■ Data shown
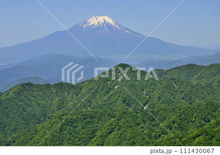 丹沢の不動ノ峰より望む初夏の富士山と緑の山地
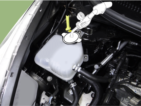 Подсоедините тестер к радиатору и подайте давление 93,16–122,58 кПа (0,95–1,25 кгс/см², 13,51–17,78 фунтов на кв. дюйм).
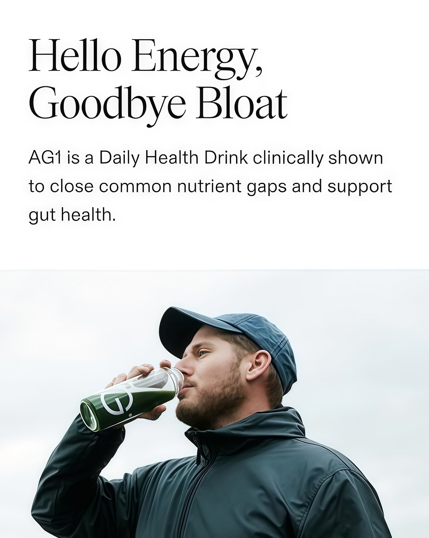 AG1 Next Gen is a Daily Health Drink clinically shown to close common nutrient gaps and support gut health (1-4), replacing your daily multivitamin, probiotics, adaptogens, and more.
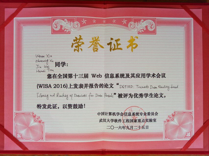 由中国计算机学会(暨信息系统专业委员会)和IEEE Reliability Society共同主办、武汉大学承办、华中科技大学等单位协办的第十三届全国Web信息系统及其应用学术会议(13th Web Information System and Application Conference, WISA 2016)于2016年9月23-25日在湖北武汉成功举行。我院许卓明教授及其研究生参加了本届(WISA 2016)学术会议,并再次在WISA学术会议上荣获“优秀学生论文”奖。本次获奖论文是计算机科学与技术专业2014级硕士研究生夏文泽同学为第一作者的英文学术论文《DQFIRD: Towards Data Quality-based Filtering and Ranking of Datasets for Data Portals》。该论文由IEEE Press出版,将被EI检索。

■ Exercise directions
Would you give again, exactly, the lines in the data above that run from the line containing "Подсоедините тестер к" to the line containing "AG1 Next Gen"? Include both ends and no pictures.

■ Result
 Подсоедините тестер к радиатору и подайте давление 93,16–122,58 кПа (0,95–1,25 кгс/см², 13,51–17,78 фунтов на кв. дюйм).
 AG1 Next Gen is a Daily Health Drink clinically shown to close common nutrient gaps and support gut health (1-4), replacing your daily multivitamin, probiotics, adaptogens, and more.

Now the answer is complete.